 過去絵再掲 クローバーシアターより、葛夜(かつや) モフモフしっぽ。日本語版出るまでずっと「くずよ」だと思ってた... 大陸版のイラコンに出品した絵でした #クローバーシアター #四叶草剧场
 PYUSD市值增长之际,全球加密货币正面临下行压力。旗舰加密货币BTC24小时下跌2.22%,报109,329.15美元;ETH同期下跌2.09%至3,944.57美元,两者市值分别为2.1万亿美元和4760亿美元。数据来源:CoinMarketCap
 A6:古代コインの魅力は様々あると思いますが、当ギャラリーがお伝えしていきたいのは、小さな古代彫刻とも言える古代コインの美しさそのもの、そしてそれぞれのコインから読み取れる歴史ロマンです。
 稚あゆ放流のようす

...

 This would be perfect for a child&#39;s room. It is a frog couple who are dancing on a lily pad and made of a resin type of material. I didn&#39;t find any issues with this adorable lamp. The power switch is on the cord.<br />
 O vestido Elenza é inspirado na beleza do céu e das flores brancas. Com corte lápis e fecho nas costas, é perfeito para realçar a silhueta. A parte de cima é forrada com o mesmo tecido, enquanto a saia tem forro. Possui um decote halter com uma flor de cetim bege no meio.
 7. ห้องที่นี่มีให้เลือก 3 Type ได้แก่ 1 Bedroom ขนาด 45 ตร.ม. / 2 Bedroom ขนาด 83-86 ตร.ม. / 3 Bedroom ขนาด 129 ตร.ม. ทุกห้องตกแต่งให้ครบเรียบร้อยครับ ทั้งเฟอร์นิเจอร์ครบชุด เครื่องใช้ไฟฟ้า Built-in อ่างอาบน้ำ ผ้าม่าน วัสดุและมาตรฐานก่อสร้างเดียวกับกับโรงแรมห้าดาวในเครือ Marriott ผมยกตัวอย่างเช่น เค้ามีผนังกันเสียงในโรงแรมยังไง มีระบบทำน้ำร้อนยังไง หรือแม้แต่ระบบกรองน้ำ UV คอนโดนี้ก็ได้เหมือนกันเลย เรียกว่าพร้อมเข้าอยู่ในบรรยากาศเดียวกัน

**About this exercise:** Both the line containing "O vestido Elenza" and the line containing "7. ห้องที่นี่มีให้เลือก 3" belong in the answer. Print them and every line above that falls between them exactly, and no others.

**Answer to this exercise:**
 O vestido Elenza é inspirado na beleza do céu e das flores brancas. Com corte lápis e fecho nas costas, é perfeito para realçar a silhueta. A parte de cima é forrada com o mesmo tecido, enquanto a saia tem forro. Possui um decote halter com uma flor de cetim bege no meio.
 7. ห้องที่นี่มีให้เลือก 3 Type ได้แก่ 1 Bedroom ขนาด 45 ตร.ม. / 2 Bedroom ขนาด 83-86 ตร.ม. / 3 Bedroom ขนาด 129 ตร.ม. ทุกห้องตกแต่งให้ครบเรียบร้อยครับ ทั้งเฟอร์นิเจอร์ครบชุด เครื่องใช้ไฟฟ้า Built-in อ่างอาบน้ำ ผ้าม่าน วัสดุและมาตรฐานก่อสร้างเดียวกับกับโรงแรมห้าดาวในเครือ Marriott ผมยกตัวอย่างเช่น เค้ามีผนังกันเสียงในโรงแรมยังไง มีระบบทำน้ำร้อนยังไง หรือแม้แต่ระบบกรองน้ำ UV คอนโดนี้ก็ได้เหมือนกันเลย เรียกว่าพร้อมเข้าอยู่ในบรรยากาศเดียวกัน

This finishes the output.